Another object of this invention is to provide an exhaust gas cooling system which is capable of omitting the provision of a heat exchanger, of reducing the manufacturing cost of the system, of miniaturizing the cooling tower, and of reducing the capacity thereof.
Namely, this invention provides an exhaust gas cooling system comprising;
an exhaust gas-processing tower provided at a lower portion with an inlet port for an exhaust gas containing moisture and also provided at an upper interior space with a spray member;
a circulating passageway for circulating an exhaust gas-processing water from a bottom portion of the exhaust gas-processing tower to the spray member;
a heat exchanger provided at a portion of the circulating passageway for cooling the exhaust gas-processing water;
a cooling tower for generating the cooling water by taking advantage of the evaporation heat of water, thereby allowing the cooling water to circulate passing through the heat exchanger; and
a water supply passageway for supplying the exhaust gas-processing water passing through the circulating passageway to the cooling tower as a portion of make-up water.
According to this invention, there is also provided an exhaust gas cooling system comprising;
an exhaust gas-processing tower provided at a lower portion with an inlet port for an exhaust gas containing moisture and also provided at an upper interior space with a spray member; and
a cooling tower for cooling an exhaust gas-processing water existing at a bottom portion of the exhaust gas-processing tower by taking advantage of the evaporation heat of water, thereby allowing the water thus cooled to be fed to a spray member of the exhaust gas-processing tower.

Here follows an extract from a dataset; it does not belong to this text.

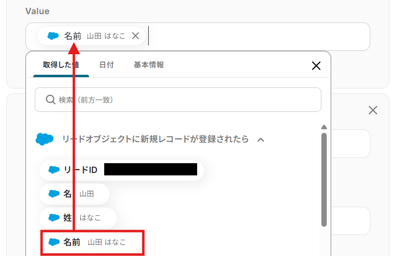 【Tips】 取得した値を活用することで、フローボットを起動する度に変動する値として反映されます。 これにより、毎回変動する情報を手動で入力する必要がなくなり、効率的に連携できます!

In the exhaust gas cooling system of this invention, the exhaust gas-processing tower may be constructed such that it is provided with an exhaust gas outlet pipe which is connected with a carbon dioxide absorption tower.
The exhaust gas cooling system of this invention may further comprise an air cooler which is provided at a portion of a passageway located between the exhaust gas-processing water outlet port of the exhaust gas-processing tower and the cooling tower.
Additional objects and advantages of the invention will be set forth in the description which follows, and in part will be obvious from the description, or may be learned by practice of the invention. The objects and advantages of the invention may be realized and obtained by means of the instrumentalities and combinations particularly pointed out hereinafter.